Bu kanunun ardından 2006 yılında Hayvanların Korunmasına Dair Uygulama Yönetmeliği çıkarılmıştır. Bu düzenlemeler, sokak hayvanlarının sorumluluğunu belediyelere veriyor. Ne var ki sorun hayvan derneklerinin de kamunun da içini rahatlatacak çözüme ulaşmaya yetmedi. Daha net ve belirgin mevzuatlara ihtiyaç var.

2022 verilerine göre Türkiye’de 10 milyon sokak hayvanı bulunuyor. Bu da nüfusun %8’i kadar olduklarını gösterir.

2021 yılından bu yana hayvan hakları ile ilgili 25 adet yazılı soru önergesi verildi

TBMM’nin sitesinde yer alan “Yazılı Soru Önergeleri” kısmında “hayvan hakları”, “sokak köpekleri”, “köpek” ve “sokak hayvanları” anahtar kelimelerini arattık. İnceleme sonuçlarımıza göre 2021 yılından bu yana (Mayıs 2022) hayvan hakları ile ilgili toplam 23 yazılı soru önergesi verilmiş.

Soru önergelerinin konu başlıkları şu şekilde:

  • Barınak koşullarının iyileştirilmesi,
  • Hayvan haklarının korunması için yürütülen çalışmalar,
  • Gaziantep Hayvanat Bahçesine ve hayvan hakları yasasının ne zaman çıkarılacağı,
  • Hayvan hakları konusundaki kanun önerisi çalışmaları,
  • Türkiye’deki kobay üretim merkezleri ile hayvanlar üzerinde deney yapan merkezlere ve hayvan haklarına ilişkin,
  • Hayvan haklarına yönelik yasal düzenleme çalışmaları,
  • Hayvan haklarının korunması konusunda yapılan çalışmalara ve at yarışlarının yasaklanması talebine ilişkin,
  • Sahipsiz sokak köpeklerine yönelik alınacak önlemlere ilişkin,
  • Türkiye geneli ve Kocaeli özelinde sokak köpekleri için uygulanan düzenlemelere ilişkin,
  • Kedi ve köpek satışının durdurulması talebine ilişkin,
  • Kedi ve köpek mamalarındaki KDV oranının düşürülmesi önerisine ilişkin, (i)
  • Sahipsiz sokak köpeklerine yönelik alınacak önlemlere ilişkin,
  • Kedi ve köpek mamalarına uygulanan KDV oranının düşürülmesi talebine ilişkin, (ii)
  • Yasa dışı köpek dövüşlerinin engellenmesine ilişkin,
  • Kedi ve köpek mamalarından alınan KDV oranına ilişkin, (iii)
  • Sokak hayvanlarının toplanmasına ilişkin,
  • Van’ın Erciş ilçesinde sokak hayvanlarının ölü bulunduğu iddiasına ilişkin,
  • Bakanlığın desteklediği sokak hayvanlarına yönelik barınak yapımı projelerine ilişkin,
  • Sokak hayvanları rehabilitasyon ve bakım merkezlerinin denetimine ilişkin,
  • Toplatılan sokak hayvanlarının bakımına ve sahiplendirilmesine ilişkin,
  • Bingöl’ün Kiğı ilçesindeki eski su tesisatının değiştirilmesi ile sokak hayvanlarının durumlarına ilişkin,
  • Pandemide sokak hayvanlarının korunmasına yönelik çalışmalara ve hayvan barınaklarına ilişkin.

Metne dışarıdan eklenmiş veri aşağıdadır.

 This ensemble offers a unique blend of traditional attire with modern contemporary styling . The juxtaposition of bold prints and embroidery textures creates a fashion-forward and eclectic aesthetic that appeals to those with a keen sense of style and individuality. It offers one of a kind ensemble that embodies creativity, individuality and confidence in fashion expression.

Soru önergelerinin 9’u CHP’, 7’si HDP,  4’ü İP, 1’i MHP, 1’i Saadet Partisi tarafından, 1 tanesi ise Bağımsız Milletvekili İsmail Koncuk tarafından verildi.

Sokak köpekleri sorunu ile ilgili taraflar

  1. Belediyeler
  2. Hükümet
  3. Sivil toplum kuruluşları
  4. Siyasi partiler
  5. Medya
  6. Toplum
  7. Dolaylı veya doğrudan saldırıya uğrayan insanlar

Sokak köpekleri ile ilgili sorunlardan etkilenen tarafları bu şekilde sıralayabiliriz. Çözüm üretme noktasında ise taraf sayısı ikiye düşürülebilir. Bir taraf köpeklerin kusursuz olduğunu varsayarken diğer taraf ise bu canlıları şeytanlaştırmakta.

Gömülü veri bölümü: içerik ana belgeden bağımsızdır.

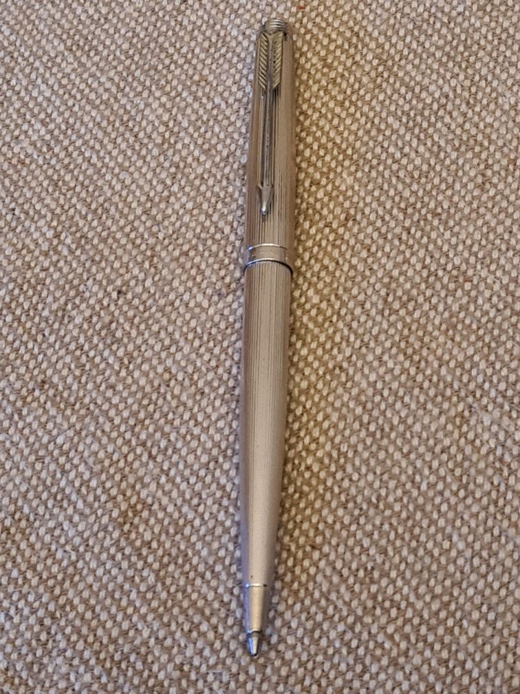 Pix Parker 45 Silver vintage, complet metaic, cu mina originală, în condiții excelente de funcționare, dar și din perspectiva estetică. Practic, este ca nou întrucât nu a fost folosit. Pixul este elegant și practic, putând fi utilizat în orice contexte sau ocazii. Colecționarii știu care este valoarea unui astfel de instrument de scris. Cei care nu știu ce înseamnă un pix marca Parker pot testa un astfel de instrument și au mai șanse să devină colecționari.
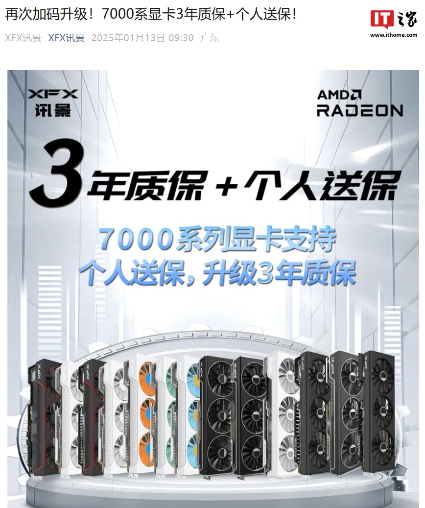 IT之家 1 月 13 日消息,XFX 讯景今日发文宣布权益“再次加码升级”,旗下 7000 系显卡将支持 3 年质保 + 个人送保。
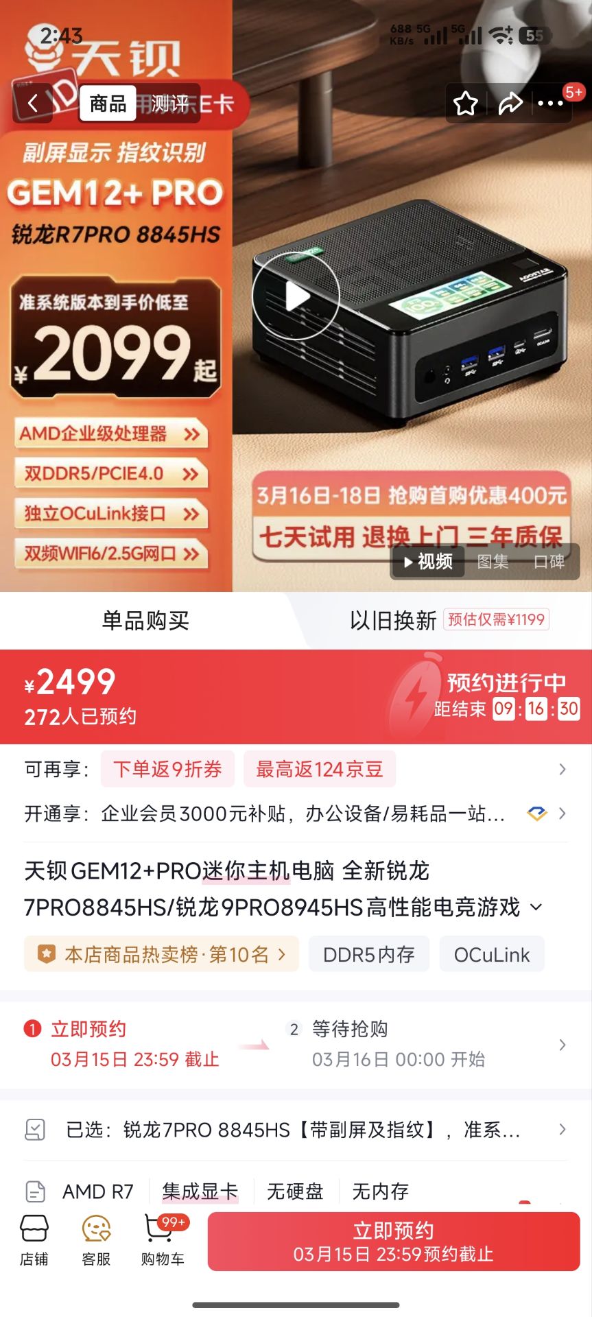 天钡GEM12 PRO迷你主机锐龙7PRO 8845HS 带副屏及指纹 准系统
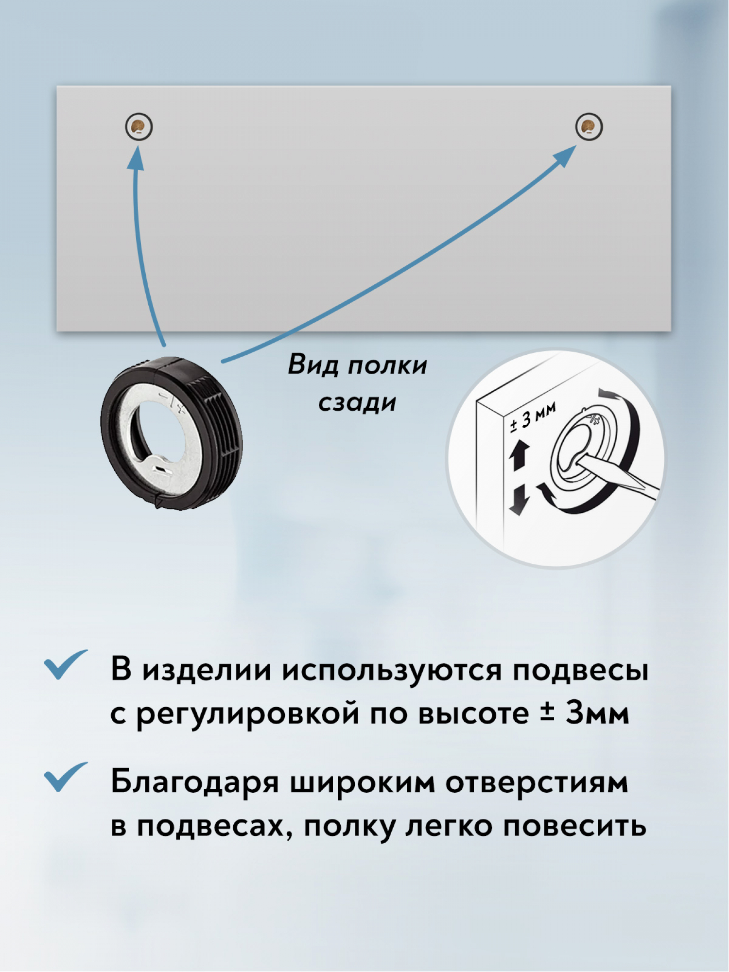 - для следующих элементов изделия: завесы, направляющие ящиков, поднимающих кронштейнов, элементов освещения, эксцентриков, ручек для мебели – 12 месяцев от даты продажи изделия при предъявлении действительного документа, подтверждающего покупку.
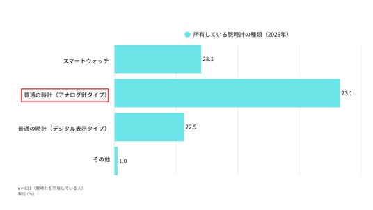 所有している腕時計の種類、第1位は「普通の時計(アナログ針タイプ)(73.1%)」で主流をキープ
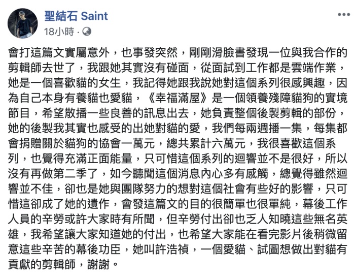 聖結石的頻道中,曾有一個領養殘障貓狗的實境節目《幸福滿屋》,期盼能散播一些良善的訊息。今(4)天聖結石發現該節目合作的剪輯師已經去世,因此打了一篇長文來謝謝該剪輯師。
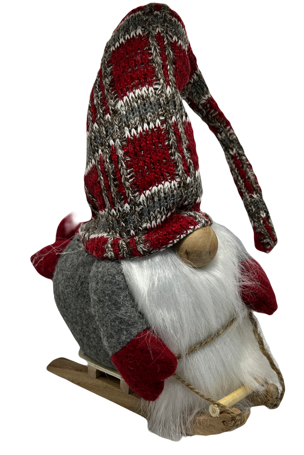 Sled Gnome makes a fun addition to your winter decorations. Him and his long plaid hat are flying on this sled!

Köpeklerin sokakta özgürce yaşadığı iddiası

Hayvan hakları savunucuları, sokak köpeklerinin kamuya açık alanların gerçek sahibi olduğunu mütemadiyen vurguluyor. Ancak gelin görün ki sahipsiz köpeklerin sokaktaki yaşamları “özgürlük” mü “sefalet” mi asıl tartışmaya açılması gereken konulardan biri bu.

Sahipsiz köpekler,

  • Sokaklarda işkencelere maruz kalıyorken,
  • Barınmak için uygun ortama sahip değilken,
  • Trafik kazaları sonucu yaralanıp ölebiliyorken,
  • Aç ve susuz kalabiliyorken,
  • Zararlı yiyecekler yiyip zehirlenebiliyorken,
  • İnsanlardan ve de daha güçlü köpeklerden zarar görmeye bu kadar açıkken,
  • Hastalanıp bunu birbirlerine bulaştırarak acı çekip ölürken bu tercih edilmeyen “özgürlüğün” ne ölçüde savunulması gerektiğinin sonuna soru işareti ekliyor.

Hayvanlar hastalıklara çok açık bir şekilde zorlu bir hayat mücadelesinin öznesi oluyor.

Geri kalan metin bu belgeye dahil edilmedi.